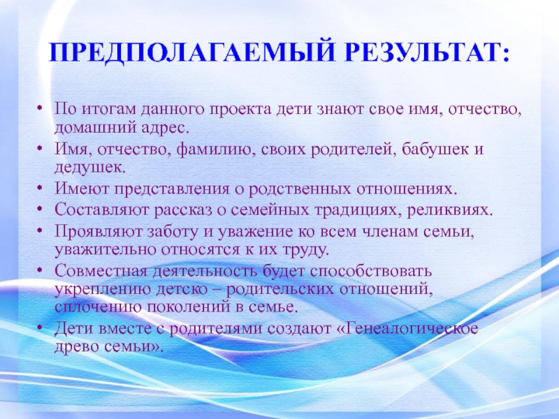 По итогам данного проекта дети знают свое имя, отчество, домашний
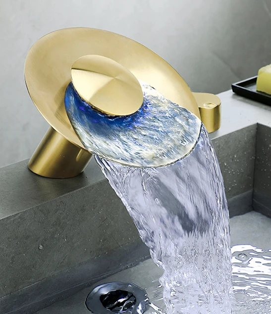 modern waterfall basin faucet Brushed gold basin faucets commercial Basin Faucet
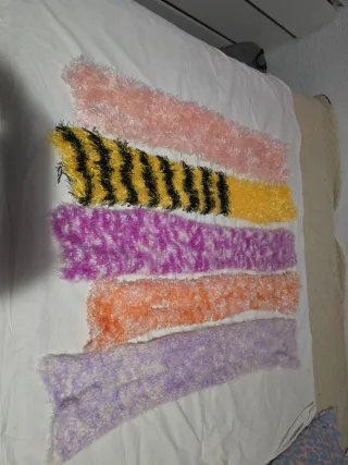 Conjunto de bufandas de pelo con un diseño llamativo y texturas suaves. - Bufanda rosa - Bufanda con rayas amarillas y negras - Bufanda morada - Bufanda naranja - Bufanda lila con detalles blancos - se vende por unidad 2.50 la unidad.
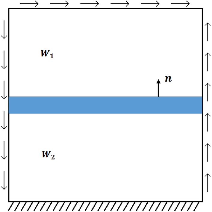 In the following section we solve a set of numerical examples to show the feasibility of using the proposed framework. All problems are solved in the small deformation setting. All problems are solved in a 2D domain, which is meshed with a quadrilateral mesh. In all examples the horizontal and vertical directions match the vectors \({\varvec{e}}_{1}\) and \({\varvec{e}}_{2}\), respectively. All problems consider material parameters to be \(G=1\) and \(\nu =0.33\). The parameter \(\varepsilon\) is related to G through the relation \(\varepsilon =G\,l^{2}\), where l is a characteristic length of the material. All problems consider a value of \(\varepsilon\) such that \({\varepsilon }/{l^{2}}=G/100\), unless noted otherwise. Most problems are solved on a domain with physical dimensions \(L_{x}\) and \(L_{y}\) equal to \(20\times 20\) lattice units. When an example deviates from these default parameters, the actual values used will be stated in the problem set-up. All problems have been implemented in PETSc ([2, 3, 5]). To implement the required basis functions and spline based meshes for IGA, the library PetIGA was used ([10]).
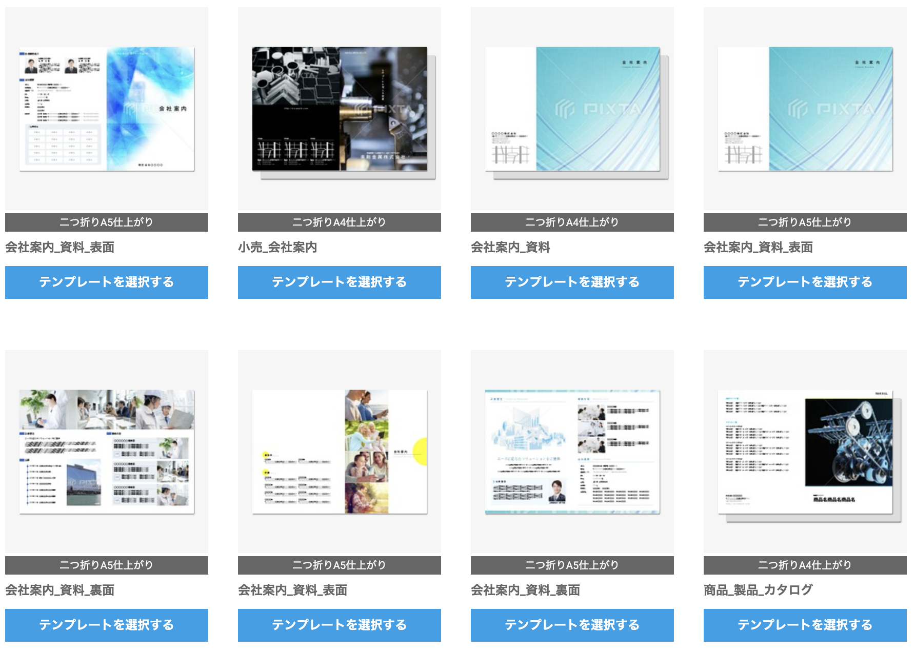 営業パンフレットの目的や業種に合わせて、さまざまなテンプレートが用意されています。
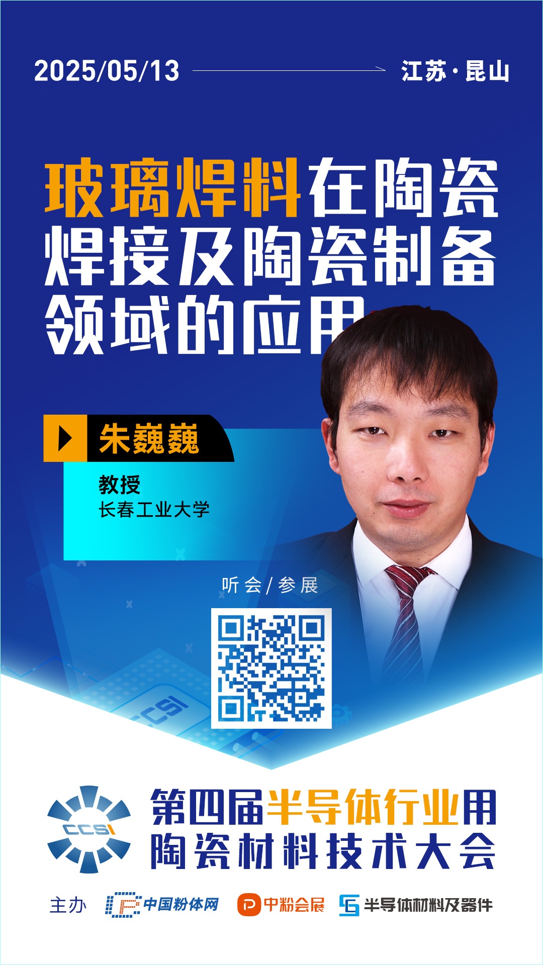 玻璃焊料在高強度氧化鋁陶瓷制備領域具有重要的應用價值。對此,中國粉體網將于2025年5月13日在江蘇昆山舉辦“第四屆半導體行業用陶瓷材料技術大會”,屆時,來自長春工業大學的朱巍巍教授將帶來題為《玻璃焊料在陶瓷焊接及陶瓷制備領域的應用》的報告,報告將為大家講述玻璃焊料在氧化鋁陶瓷大面積焊接、陶瓷制備、陶瓷裂紋修補等領域的應用。
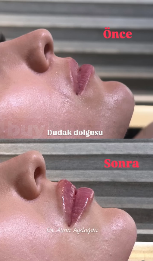 Dr. Alina Aydoğdu tarafından uygulanan dudak dolgusu işlemi, dudaklara hacim kazandırırken özellikle yan profilde daha belirgin ve estetik bir görünüm oluşturur. Öncesi ve sonrası karşılaştırmasında, dudak projeksiyonunun arttığı, üst dudak hattının daha net hale geldiği ve genel profilin daha dengeli bir yapıya kavuştuğu görülmektedir.

────

Output only the lines from the one that contains "Conjunto de bufandas" to the end of the entries above, both end lines included, and drop the pictures.

 Conjunto de bufandas de pelo con un diseño llamativo y texturas suaves. - Bufanda rosa - Bufanda con rayas amarillas y negras - Bufanda morada - Bufanda naranja - Bufanda lila con detalles blancos - se vende por unidad 2.50 la unidad.
 In the following section we solve a set of numerical examples to show the feasibility of using the proposed framework. All problems are solved in the small deformation setting. All problems are solved in a 2D domain, which is meshed with a quadrilateral mesh. In all examples the horizontal and vertical directions match the vectors \({\varvec{e}}_{1}\) and \({\varvec{e}}_{2}\), respectively. All problems consider material parameters to be \(G=1\) and \(\nu =0.33\). The parameter \(\varepsilon\) is related to G through the relation \(\varepsilon =G\,l^{2}\), where l is a characteristic length of the material. All problems consider a value of \(\varepsilon\) such that \({\varepsilon }/{l^{2}}=G/100\), unless noted otherwise. Most problems are solved on a domain with physical dimensions \(L_{x}\) and \(L_{y}\) equal to \(20\times 20\) lattice units. When an example deviates from these default parameters, the actual values used will be stated in the problem set-up. All problems have been implemented in PETSc ([2, 3, 5]). To implement the required basis functions and spline based meshes for IGA, the library PetIGA was used ([10]).
 営業パンフレットの目的や業種に合わせて、さまざまなテンプレートが用意されています。
 玻璃焊料在高強度氧化鋁陶瓷制備領域具有重要的應用價值。對此,中國粉體網將于2025年5月13日在江蘇昆山舉辦“第四屆半導體行業用陶瓷材料技術大會”,屆時,來自長春工業大學的朱巍巍教授將帶來題為《玻璃焊料在陶瓷焊接及陶瓷制備領域的應用》的報告,報告將為大家講述玻璃焊料在氧化鋁陶瓷大面積焊接、陶瓷制備、陶瓷裂紋修補等領域的應用。
 Dr. Alina Aydoğdu tarafından uygulanan dudak dolgusu işlemi, dudaklara hacim kazandırırken özellikle yan profilde daha belirgin ve estetik bir görünüm oluşturur. Öncesi ve sonrası karşılaştırmasında, dudak projeksiyonunun arttığı, üst dudak hattının daha net hale geldiği ve genel profilin daha dengeli bir yapıya kavuştuğu görülmektedir.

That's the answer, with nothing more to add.